What is the difference between arch and model? Why should we have them both?

VITA-Group / FasterSeg

[ICLR 2020] "FasterSeg: Searching for Faster Real-time Semantic Segmentation" by Wuyang Chen, Xinyu Gong, Xianming Liu, Qian Zhang, Yuan Li, Zhangyang Wang

MIT License

525 stars 107 forks source link

What is the difference between arch and model? Why should we have them both? #27

Closed NoOneUST closed 4 years ago

NoOneUST commented 4 years ago

Another Question, when I try to use multi-process-evaluation, no matter I input device=[3,5,6,7] or [0,1,2,3] when CUDA_VISIBLE_DEVICES=3,5,6,7. The occupied GPU is always only 0. How should I solve it?
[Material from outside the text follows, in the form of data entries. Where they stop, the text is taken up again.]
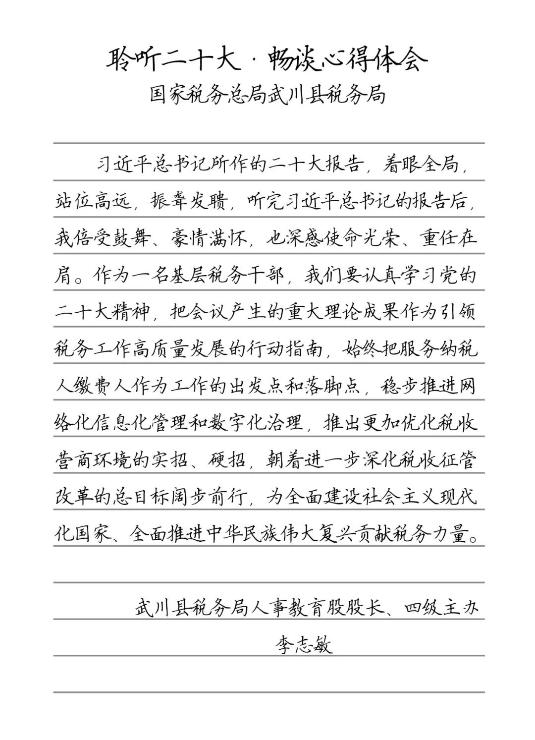 聆听二十大·畅谈心得体会 武川县税务局人事教育股股长、四级主办 李志敏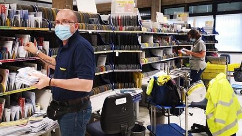 Un'immagine dei portalettere in servizio presso il centro di distribuzione di Chieti (2022)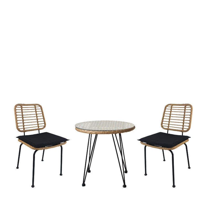 Σετ τραπεζαρία κήπου EUSEBIO φυσικό/μαύρο μέταλλο/rattan με 2 καρέκλες.

chenwydj commented 4 years ago

Hi @NoOneUST!

Thank you for your interest in our work!

The differentiable NAS formulate the search space as the model (e.g. convolution weights) and architecture (determines which operator to use in each cell). During the search, the model parameters and the architecture parameters are alternatively optimized. Thus, we need both of them.

To enable the multi-gpu training, you have to at least wrap the nn.Module into nn.DataParallel (which I did not implement here).